Ethnographic evidence versus theoretical models: reminiscences and reflections on a linear proletarianisation model for Southern Africa

Research Article

Ethnographic evidence versus theoretical models: reminiscences and reflections on a linear proletarianisation model for Southern Africa


Abstract

Conceptualising what was seen as the proletarianisation of Southern Africa’s working people was a significant analytical preoccupation of the social sciences in the 1970s. Considering that the region’s political economy was dependent on migrant labour, anthropologists and others sought to understand the relationship between labour-sending and wage labour–utilising facets of what was described as the regional social formation.
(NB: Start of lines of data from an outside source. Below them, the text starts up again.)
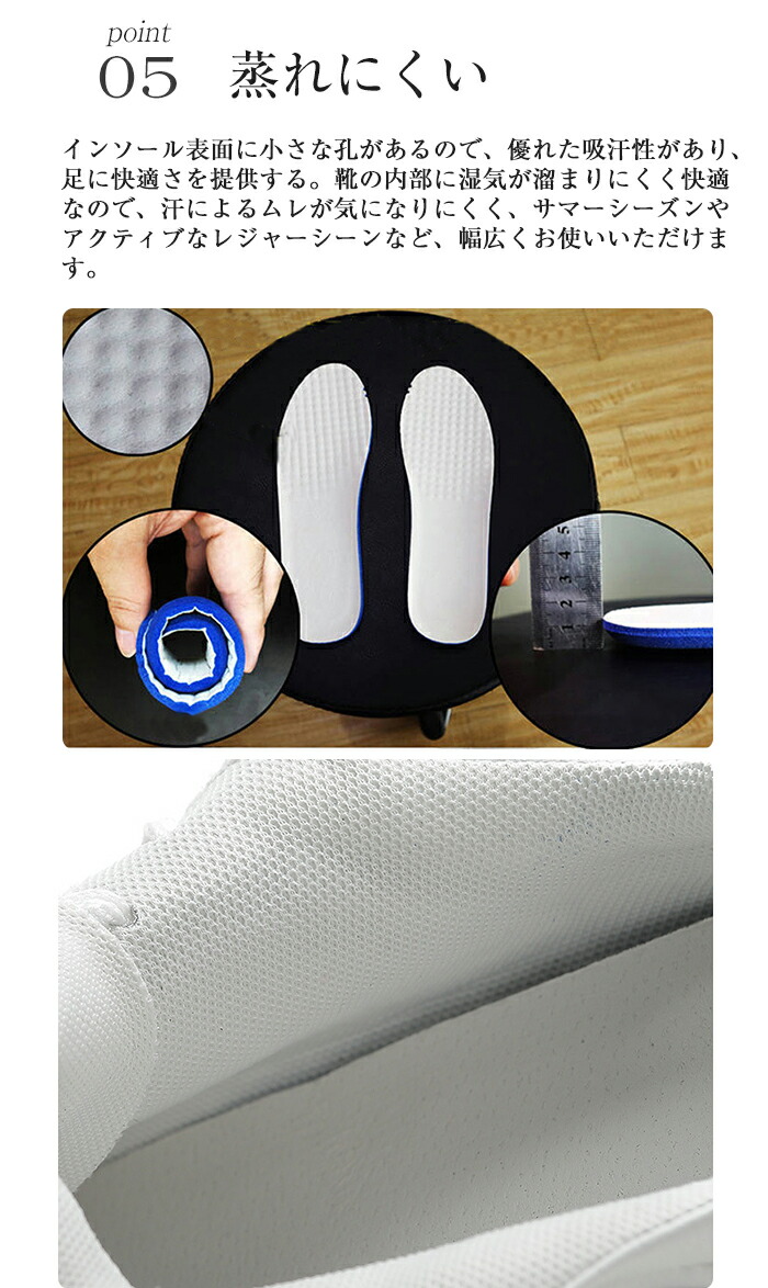 インソール表面に小さな孔があるので、優れた吸汗性があり、足に快適さを提供する。
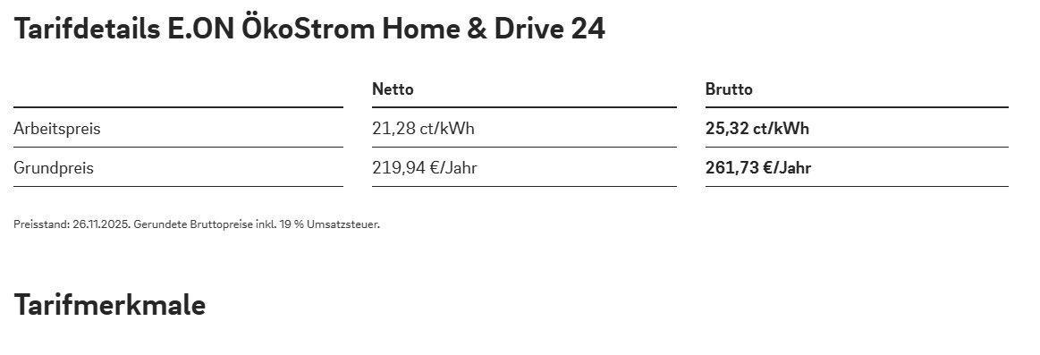 Další výhoda se promítne domů na tarif a elektroměr ( u E.On doma) - DOMÁCNOST + E-AUTO = výhodnější tarif i na elektroměr, kde mě spadne cena (při ty smlouvě na 2 roky) z 0,43Euro až na 0,25Euro (bez poplatků) a dalších 240 Euro bonus za druhou smlouvu na 24 měsíců (10Eur/měs.)
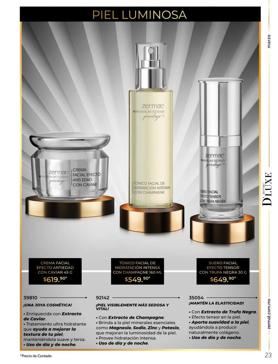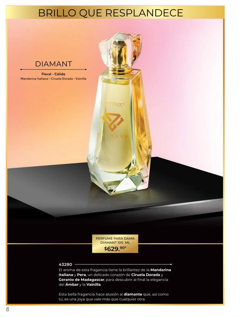 Como un detalle especial, y como emblema de esta campaña, destaca Diamant, una fragancia totalmente mexicana, creada por el destacado perfumista Adolfo Enriquez. En esta edición de marzo de 2026 queremos evolucionar con aromas que resalten tu esencia y con Diamant lo hemos logrado. Disfruta de este exclusivo perfume, irradia belleza y destaca tu esencia con lo mejor de Zermat catálogo Marzo 2026 México.
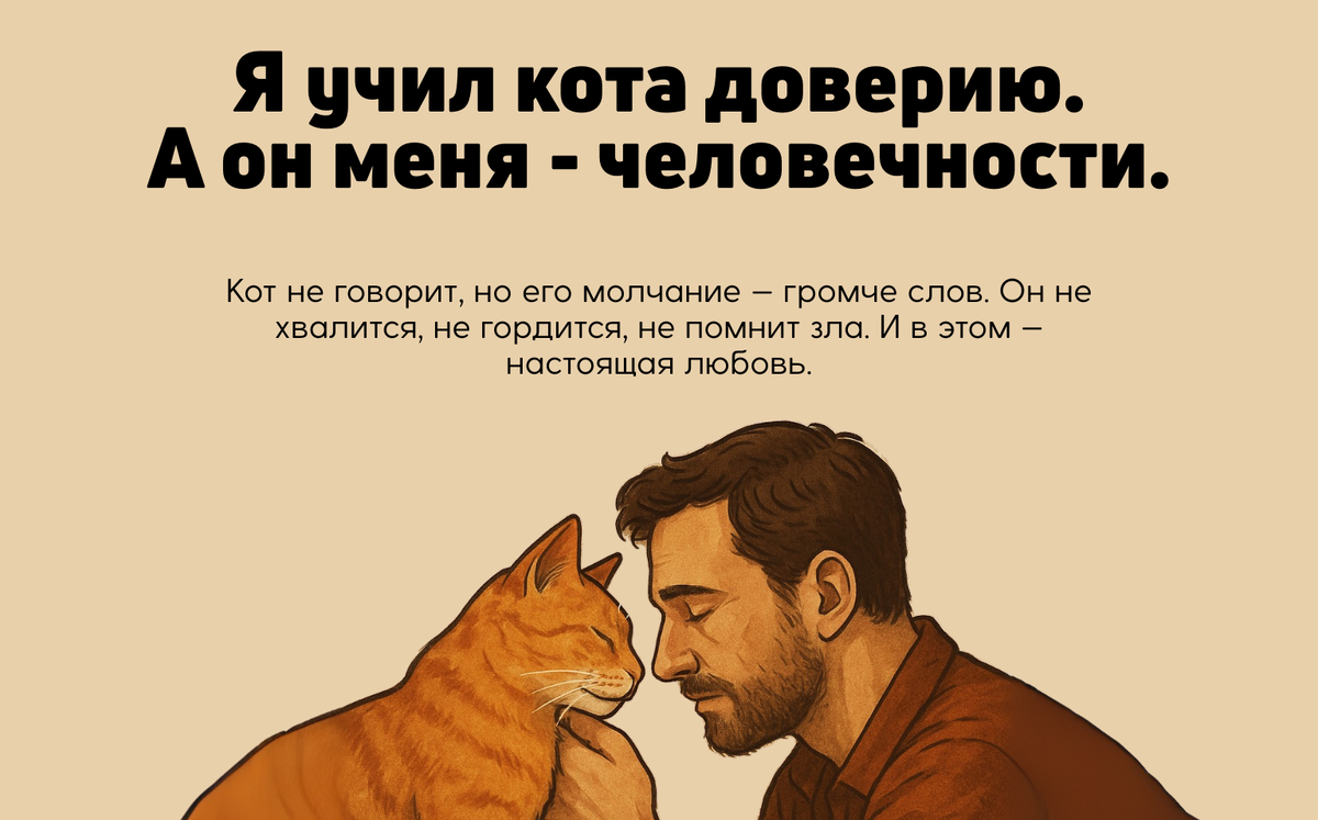 Я учил кота доверию. А он — меня человечности. Кто из нас в итоге стал мудрее? Кот не говорит, но его молчание — громче слов. Он не хвалится, не гордится, не помнит зла. И в этом — настоящая любовь. «Пусть даже я говорю на языках человеческих и ангельских, но если нет во мне любви — я лишь грохочущая медь...» Это из Библии. Послание Коринфинам... Но я понял эти слова не в церкви, не в книжке, не в драматический момент. Я понял их, когда бывший уличный кот Мохнатик положил голову мне на руку. Он не говорил. Не молился. Не пытался объяснить. Он просто был рядом. А я, человек с дипломом, с книгами, с речами, вдруг почувствовал себя учеником. Потому что коты живут по этим правилам каждый день. Они не хвалятся. Не завидуют. Не помнят зла. Они просто любят. И я стал лучше, когда научился у них. Когда я забрал Мохнатика, он был таким, будто его жизнь — это постоянный бой. Он шипел, царапал, убегал. Он не хотел быть домашним. Он не верил, что можно быть в безопасности. Но я не торопил его. Я п
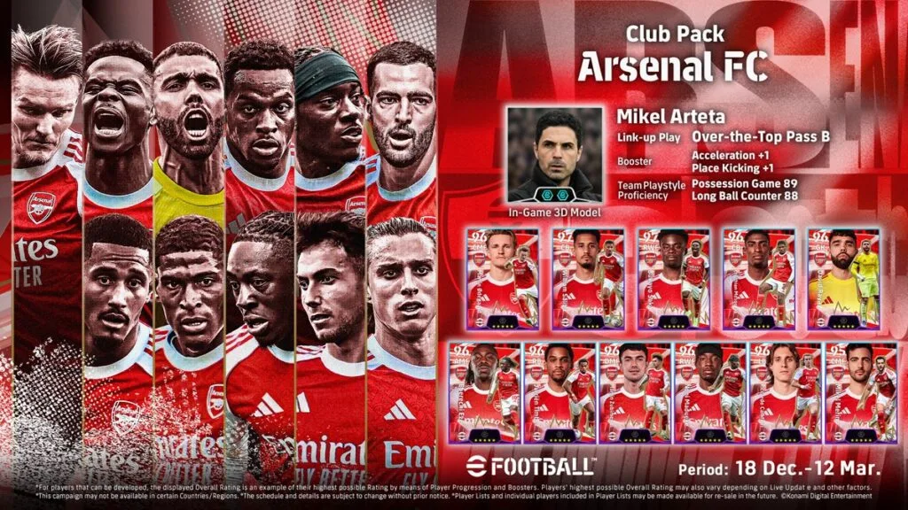 Además, ya han comenzado las eliminatorias en línea para el evento de clubes “eFootball™ Championship 2026 Arsenal FC”. Este evento determinará el representante de Arsenal FC para el Campeonato Mundial de eSports “eFootball™ Championship 2026”, que contó con 36,42 millones de participantes la temporada pasada.

On the coat-tails of abstract neo-Marxist theory, debate hinged around whether the relationship was constituted by an “articulation of modes of production” or was characterised as a single capitalist mode; whether the working population constituted diverse classes (or class fractions) or a single proletariat, albeit fractured by people’s multifold life experiences. Based on the author’s reminiscences, the article records how 1970s ethnographic analyses revealed the inappropriateness, at one level, of a teleological model of proletarianisation — a point also demonstrated by subsequent ethnographers of the region. Yet, as the article argues, at another, global level, contemporary experiences of precarity and marginality reveal how capitalism continually produces a linear but bifurcating process that alienates working-struggling people from the means of production and social reproduction.